Other laws require proof of specific intent to commit a criminal act by the accused, thereby placing the burden on the state to produce evidence that the weapon was possessed with some unlawful purpose (such as an attempted homicide, robbery, or assault). The circumstances under which law enforcement discover the weapon often play a strong role in this.
Many laws about weapon possession contain exemptions for persons of specific occupations, or allow for permission to be obtained from the government to lawfully possess the weapon.
Generally, military personnel actively carrying out their duties are exempt from nearly any restriction other than internal policy and international treaties. However, they are often restricted from possessing their issued weapons when they are not on duty.
Police often are allowed to lawfully possess certain weaponry above what the populace is allowed to possess, though this varies by nation. In some nations police may take their armaments home when off duty, while in others they are required to leave all (or some) of them in storage at their station. Some jurisdictions have special paramilitary units (such as SWAT or AFO) that carry machine guns, explosives or other military weapons, though the majority of the time these must be stored at the unit's headquarters.

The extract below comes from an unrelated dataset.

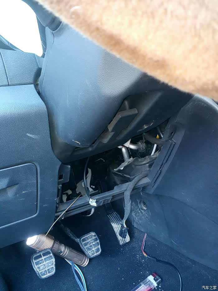 看到论坛里车友“hacker0501”的定速巡航改装,我本来还在等春天屋的无损改装,犹豫了下。后来又看见车友“晴天_艾3”的定速巡航改装,我再也坐不住了,立马上手拍了一个模块回来试试。收到模块就要过年了,没有时间安装,蠢蠢欲动的心压了好久,终于到了过完年。初九拜年回来看看天色还早,就上阵了。油门踏板拆下来时我调了油门虚位,以前不想调,调好后好开多了,强烈建议各位车友调。我准备简单点,接一个按钮,高速上歇歇脚用,自己的车,整。准备了拆油门踏板的长套筒,10个的。套筒万向节,以上两位车友车速是电脑cpu风扇插针,我没有,我就看看家里有没用的电器拆开看有插针,就用上了。安装过程中不断参考两位车友的照片,在此谢谢两位了。好了,话不多说,上图,用手机发帖,图片位置没有排序,各位车友凑合着看吧!欢迎指导!

For civilians, permits can sometimes be obtained to possess or carry certain weapons if that person meets certain qualifications that show they can be trusted (such as safety training and lack of prior criminal behavior) and/or have a specific need for the weapon, for example if the nature of their job places them at high risk for assault or robbery. The most common in the United States is a permit to carry a concealed handgun for purposes of self-defense. This permit often applies to both firearms and other self-defense implements. In many states, no permit at all is needed to carry a non-concealed firearm or other weapon. Other types of license can be obtained for collection and exhibition purposes, such as under the National Firearms Act. In the UK, a citizen can obtain a firearms or shotgun certificate in order to legally purchase and own rifles or shotguns for the purposes of sport and hunting.